# About this task
Quote word for word from the line holding "Мы пройдемся по" to the last line below, including both, and omit any pictures.

*** Information supplied Section Begins ***

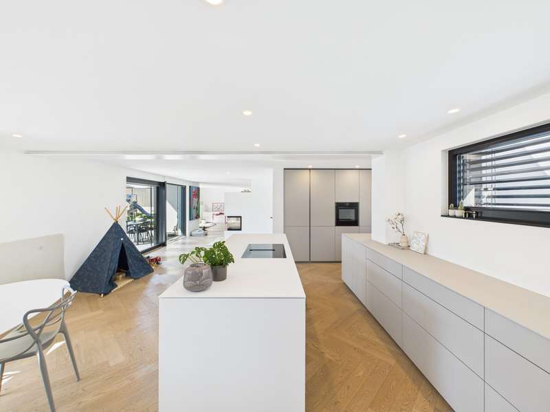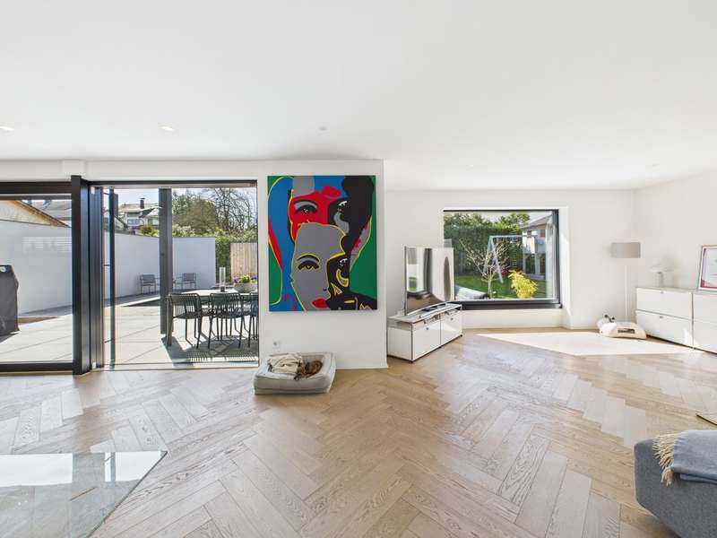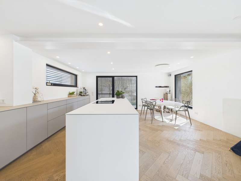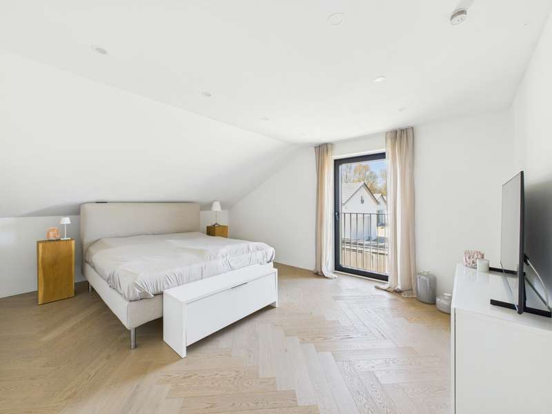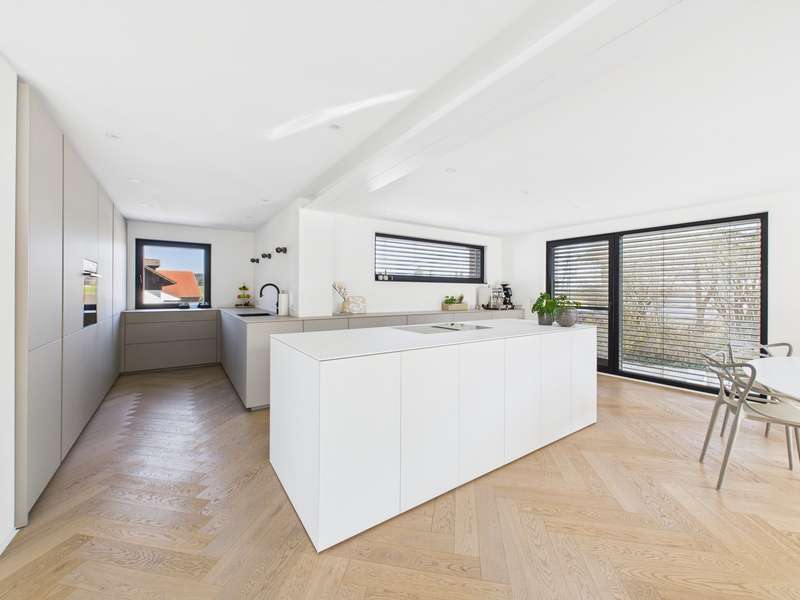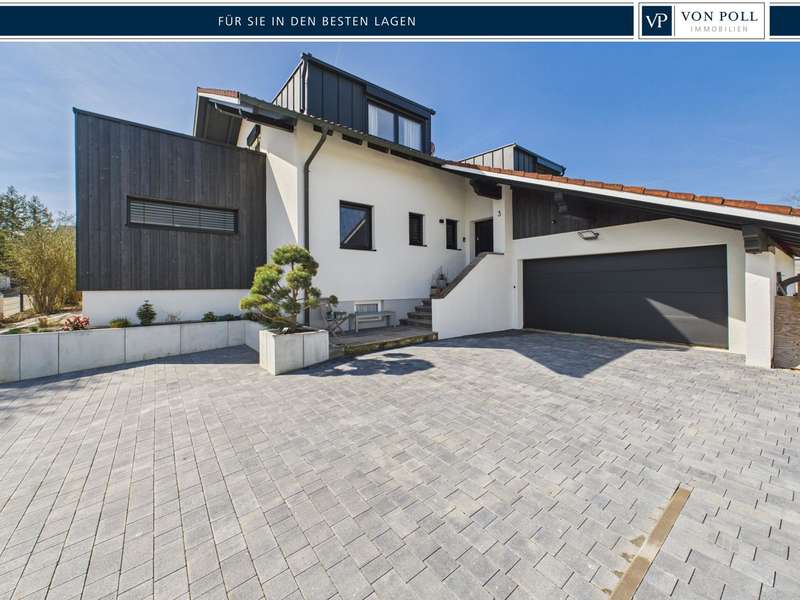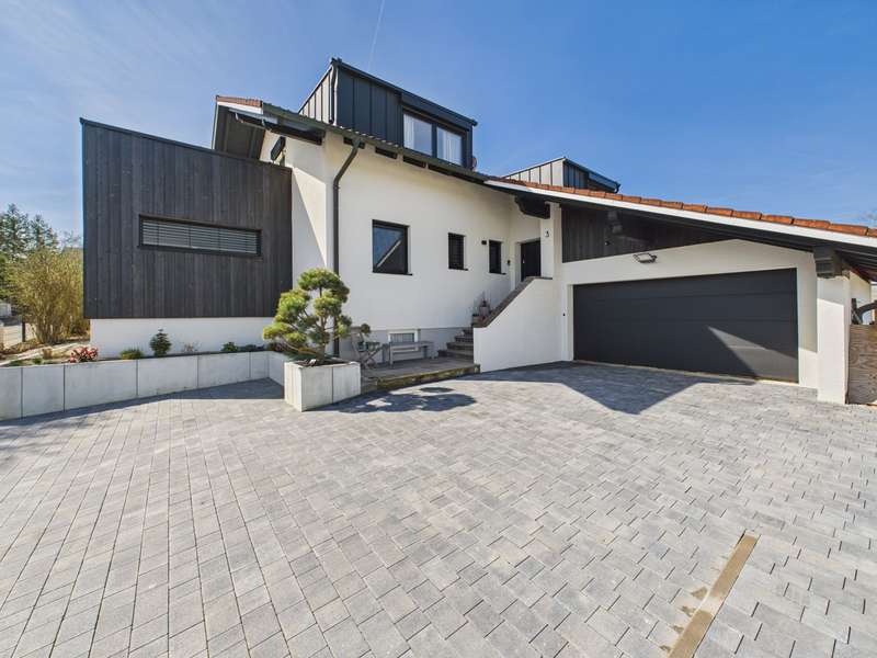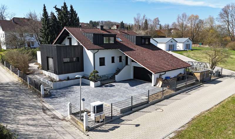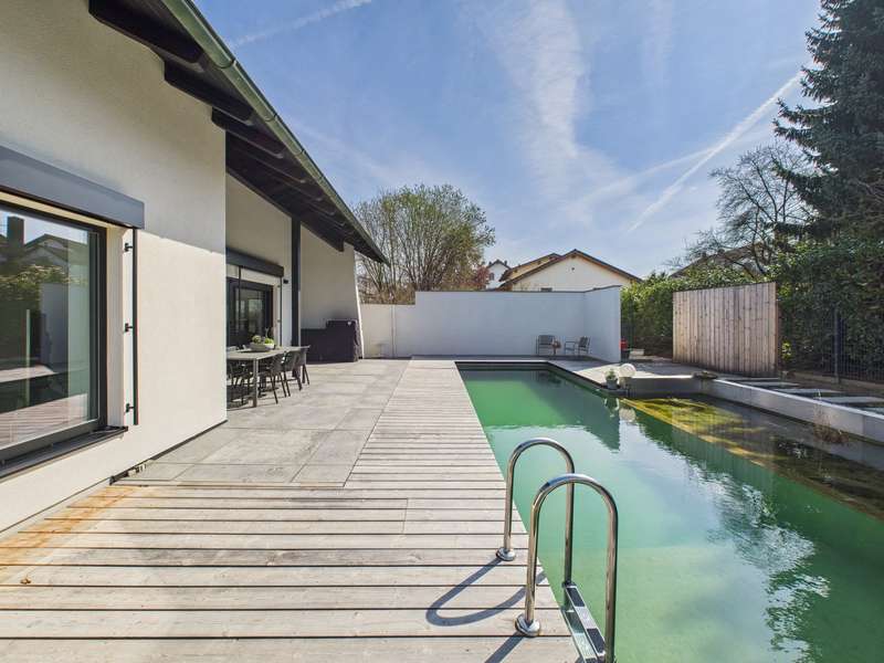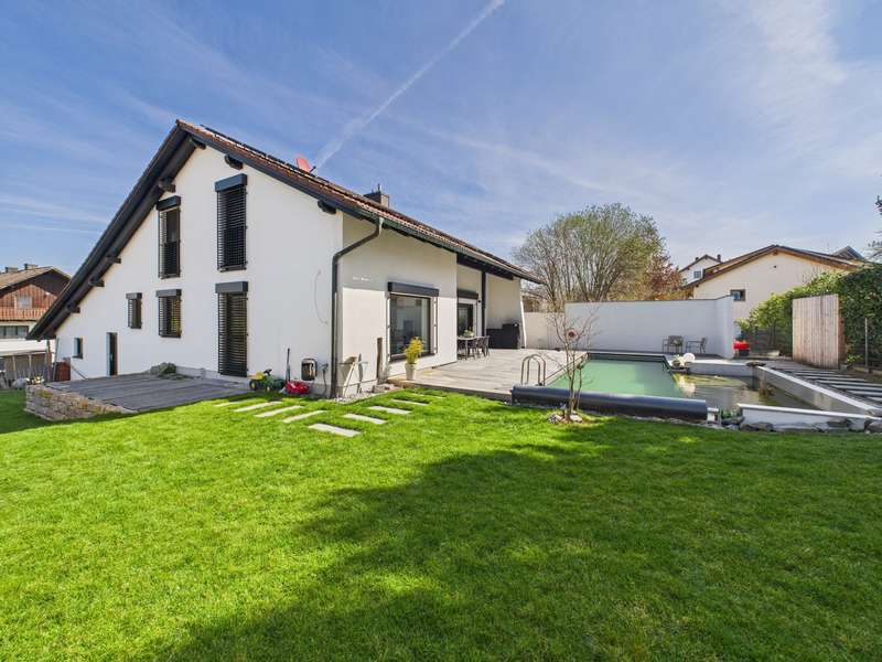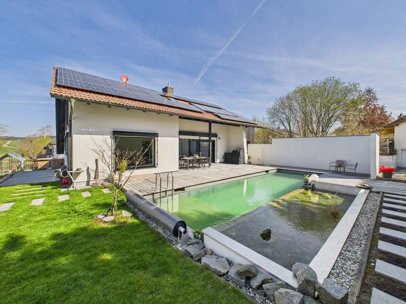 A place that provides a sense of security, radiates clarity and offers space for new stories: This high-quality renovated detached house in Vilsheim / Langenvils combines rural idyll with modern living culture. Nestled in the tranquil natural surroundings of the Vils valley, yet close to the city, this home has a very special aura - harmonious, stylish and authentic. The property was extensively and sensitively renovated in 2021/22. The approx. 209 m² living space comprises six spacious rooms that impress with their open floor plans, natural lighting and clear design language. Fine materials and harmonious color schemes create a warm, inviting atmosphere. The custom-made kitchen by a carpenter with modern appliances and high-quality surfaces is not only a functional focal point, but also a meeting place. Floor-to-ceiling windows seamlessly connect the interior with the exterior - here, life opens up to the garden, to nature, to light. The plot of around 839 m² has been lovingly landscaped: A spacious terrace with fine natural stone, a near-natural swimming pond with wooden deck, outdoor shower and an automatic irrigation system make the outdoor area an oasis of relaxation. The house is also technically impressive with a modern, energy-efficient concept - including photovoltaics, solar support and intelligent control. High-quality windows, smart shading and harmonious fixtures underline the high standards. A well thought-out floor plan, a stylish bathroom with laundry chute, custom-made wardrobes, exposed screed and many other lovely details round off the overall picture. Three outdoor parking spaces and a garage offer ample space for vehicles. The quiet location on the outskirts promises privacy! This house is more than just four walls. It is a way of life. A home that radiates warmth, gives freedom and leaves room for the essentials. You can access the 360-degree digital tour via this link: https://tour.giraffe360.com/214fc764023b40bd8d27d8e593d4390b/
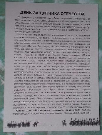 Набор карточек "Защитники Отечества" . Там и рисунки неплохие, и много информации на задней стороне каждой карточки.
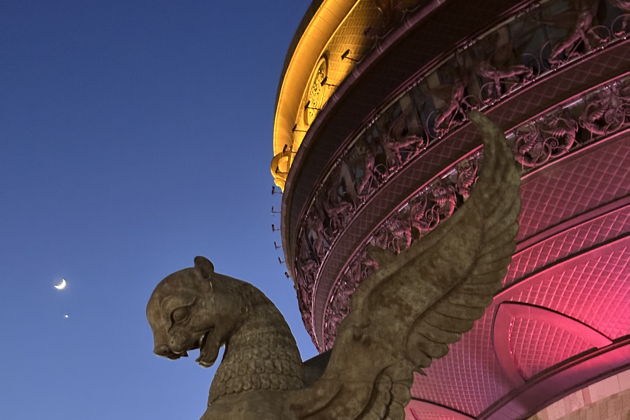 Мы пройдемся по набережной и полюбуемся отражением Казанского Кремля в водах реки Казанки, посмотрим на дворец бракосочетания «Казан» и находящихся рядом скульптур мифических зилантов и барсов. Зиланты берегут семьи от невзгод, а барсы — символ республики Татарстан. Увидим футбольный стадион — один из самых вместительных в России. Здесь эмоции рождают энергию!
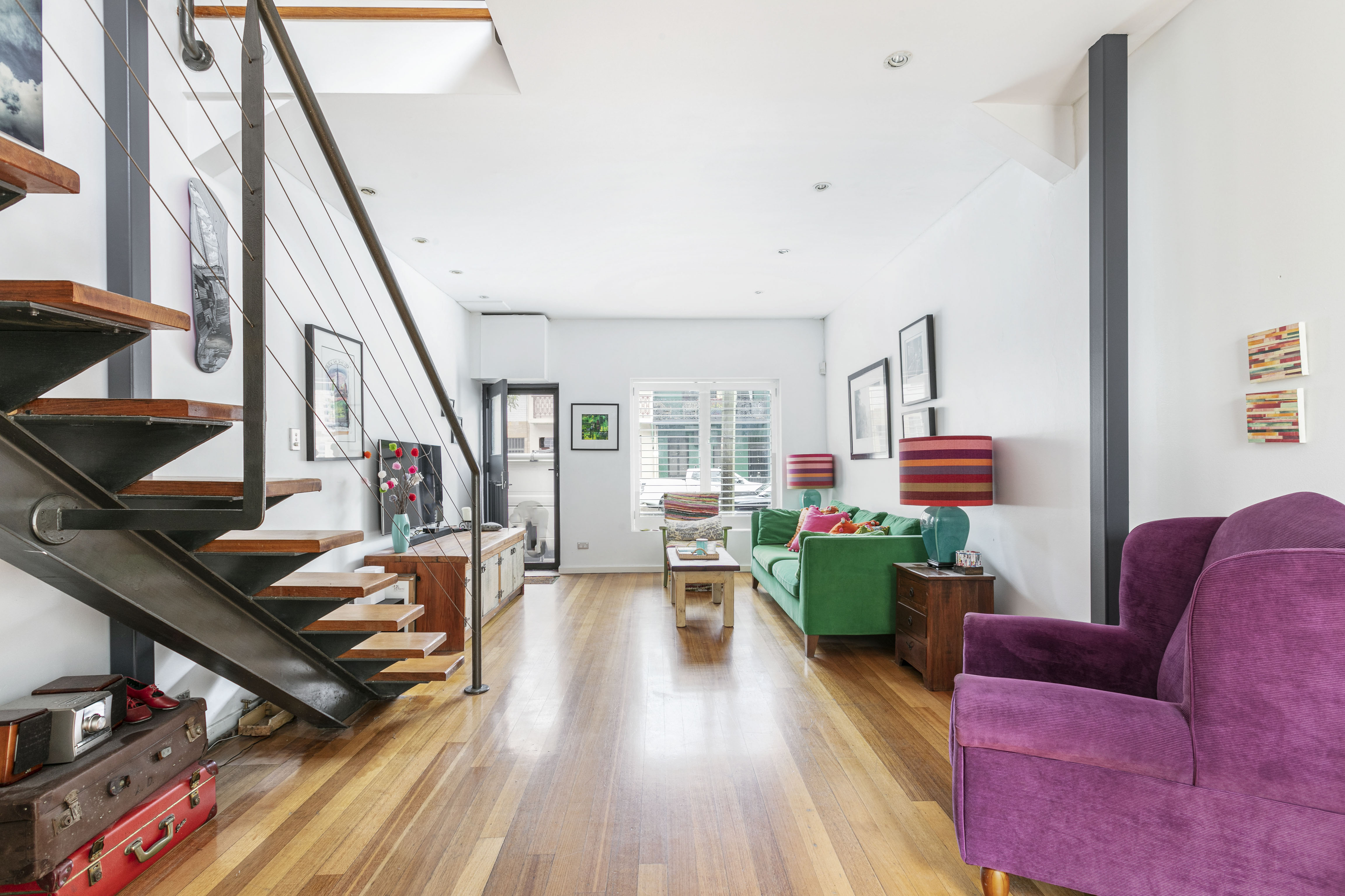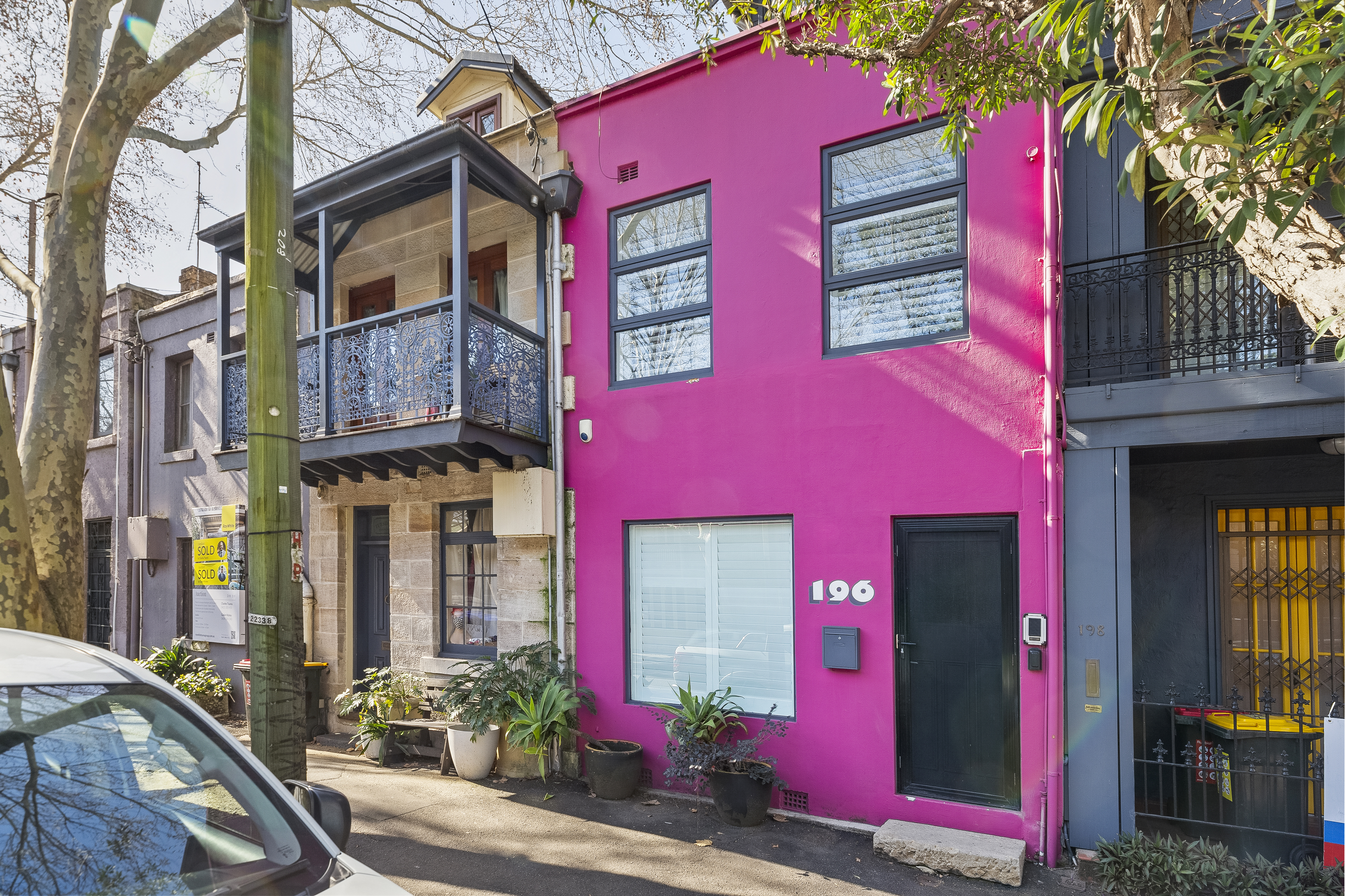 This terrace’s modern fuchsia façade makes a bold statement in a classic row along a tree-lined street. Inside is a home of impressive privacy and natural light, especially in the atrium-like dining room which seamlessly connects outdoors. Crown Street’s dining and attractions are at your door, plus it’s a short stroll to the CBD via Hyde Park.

*** Information supplied Section Ends ***

# Output below
 Мы пройдемся по набережной и полюбуемся отражением Казанского Кремля в водах реки Казанки, посмотрим на дворец бракосочетания «Казан» и находящихся рядом скульптур мифических зилантов и барсов. Зиланты берегут семьи от невзгод, а барсы — символ республики Татарстан. Увидим футбольный стадион — один из самых вместительных в России. Здесь эмоции рождают энергию!
 This terrace’s modern fuchsia façade makes a bold statement in a classic row along a tree-lined street. Inside is a home of impressive privacy and natural light, especially in the atrium-like dining room which seamlessly connects outdoors. Crown Street’s dining and attractions are at your door, plus it’s a short stroll to the CBD via Hyde Park.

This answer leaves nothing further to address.